48年余りたった現在,オーパーはメルボルンに住んで,今でも家から家への宣教に参加しています。そして,ビクトリーとその子供たちが真理を受け入れ,エホバに献身し,次々に全時間の開拓奉仕を始めるのを見てきました。
私の父になったデス・ザンカーとビクトリーは,1950年代の初めにバプテスマを受け,デスは1958年にオーストラリアのベテル家族の一員になりました。そして特別開拓者として奉仕していたビクトリーと結婚した後,二人でしばらく開拓奉仕を行ない,次いで旅行する奉仕を行なうよう招かれました。それから,私が生まれたので,二人は私を育てるため旅行する奉仕をやめなければなりませんでしたが,27年後の今も父は依然開拓奉仕をしています。
1990年の初めにオーマーは家で,私の母が育てられたその同じ家で,安らかに亡くなりました。私も,弟や妹も,メルボルンのその同じ家で育てられました。家族が1軒の家に一緒に住めたのは本当にありがたいことでした。家を狭く感じた時もありましたが,そのことを気にしたことなど覚えていません。私たちは結婚した後でさえ最初の4年間は,妻のゲールもその家のどこかにうまく割り込み,その家を愛しました。私たちが新たな奉仕の割り当てを受けてついにそこを去ることになった時,私は泣きました。私はその家で大変大きな支えと愛を受けていたのです。
しかし今,ゲールと私には大いに喜ぶべき理由があります。というのは,私たちは私の両親が行なった事柄,また彼らよりも前にその両親が行なった事柄を行なうことができるからです。私たちは家を去る時,自分たちは全時間奉仕に携わってエホバのご意志を行なうために出かけて行くのだという理由を考えて慰められました。困難な奉仕の割り当てを受けて働いていた時,貧困のどん底に陥った時,日本軍の強制収容所で何年間も抑留されていた時などにも同様の慰めを得た私たちの忠実な父祖たちの立派な模範に,私たちは一生懸命従うよう努力しています。―コリント第二 1:3,4。

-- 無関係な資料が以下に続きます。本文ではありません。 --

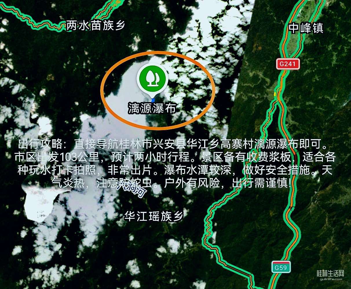出行攻略:直接导航桂林市兴安县华江乡高寨村漓源瀑布即可。市区出发103公里,预计两小时行程。
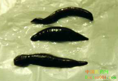 【標題】 水蛭 【拼音】 Shuizhi 【概述】 為水蛭科動物螞蟥Whitemania pigra Whitman、水蛭Hirudo nipponia Whitman及柳葉螞蟥W.acranulata Whitman的干燥體。全國大部分地區均有出產,多屬野生.夏秋季捕捉。捕捉后洗凈,用沸水燙死,切段曬干或低溫干燥,生用,或用滑石粉燙后用。 【性味歸經】 咸、苦,平。有小毒。歸肝經。 【功效】 破血通經,逐瘀消癥 【應用】 1.血瘀經閉,癥瘕積聚。本品咸苦入血,破血逐瘀力強,主要用于血滯經閉,癥瘕積聚等證。常與虻蟲相須為用,也常配三棱、莪術、桃仁、紅花等藥用,如抵當湯(《傷寒論》);若兼體虛者,可配人參、當歸等補益氣血藥,如化癥回生丹(《溫病條辨》)。 2.跌打損傷,心腹疼痛。取本品的破血逐瘀之功,亦常用于跌打損傷,可配蘇木、自然銅等藥用,如接骨火龍丹(《普濟方》)。治瘀血內阻,心腹疼痛,大便不通,則配伍大黃、牽牛子,如奪命散(《濟生方》)。 【注意】 孕婦及月經過多者忌用。 【用法用量】 煎服,1.5~3g;研末服,0.3—0.5g。以入丸、散或研末服為宜。或以鮮活者放置于瘀腫局部吸血消瘀。 【臨床研究】 1.化學成分:主要含蛋白質。唾液中含有水蛭素,還含有肝素、抗血栓素及組織胺樣物質。 2.藥理作用:水蛭水煎劑有強抗凝血作用,能顯著延長纖維蛋白的凝聚時間,水蛭提取物、水蛭素對血小板聚集有明顯的抑制作用,抑制大鼠體內血栓形成,對彌漫性血管內凝血有很好的治療作用。水蛭煎劑能改善血液流變學。能降血脂,消退動脈粥樣硬化斑塊,增加心肌營養性血流量,對抗垂體后葉素引起的心率失常或明顯的T波、ST段的變化。促進腦血腫吸收,減輕周圍腦組織炎癥反應及水腫,緩解顱內壓升高,改善局部血循環,保護腦組織免遭破壞。對皮下血腫也有明顯抑制作用。水蛭水煎劑對腎缺血有明顯保護作用,能降低血清尿素氮、肌酐水平,對升高的血清腫瘤壞死因子有明顯的降低作用。水蛭素對腫瘤細胞也有抑制作用。此外,水蛭水煎劑尚有終止妊娠的作用。 3.臨床研究: 水蛭片(每片含生藥0.75g),每次2—4片,日3次,治療冠心病、心絞痛100例。結果:顯效34例,改善56例,無效9例,惡化1例。其中心電圖恢復正常15例,改善44例,無效37例(天津醫藥,1980,(4):238)。生水蛭粉裝膠囊(每粒含生藥0.25g )治療高脂血癥150例,每次4粒,日3次,飯后服,4周為1療程。結果血清膽固醇平均由5.398±1.084mmol/L降為 4.953±0.923mmol/L(p 4.不良反應:妊娠7—11日小鼠每日灌服水蛭煎劑0.5、1.0g/kg,均可使胎鼠體重下降,有明顯致崎作用,死胎和吸收胎比例升高,墮胎作用顯著。 【參考文獻】 1.《神農本草經》:”主逐惡血,瘀血,月閉,破血逐瘀,無子,利水道。” 2.《別錄》:“墮胎。” 3.《本草衍義》:“治折傷。” 【圖片】 水蛭 ![]() 水蛭《常用中藥》 ![]() 水蛭《本草圖苑》 ![]() 水蛭藥材/水蛭絲 ![]() 藥材水蛭(柳葉螞蟥) ![]() 藥材水蛭(水蛭) ![]() 藥材水蛭(螞蟥) ![]() 螞蟥 ![]() 螞蟥《中藥學》 ![]() 【表格】 水蛭《中藥歌決》 【歌決】 水蛭咸平歸肝膀,活血通經療折傷; 癥瘕積聚月經閉,跌打損傷服安康。 (責任編輯:Doctor001) |

オーパーはダビデ王が霊感を受けてエホバに向かって語った,『あなたの愛ある親切は命にも勝るものです』という言葉にいつも慰めを見いだしました。(詩編 63:3)その愛ある親切をとこしえに享受することは,私の祖父の変わることのない熱烈な願いです。また,その愛ある親切に祖父と共にあずかることは,祖父の家族全員の願いなのです。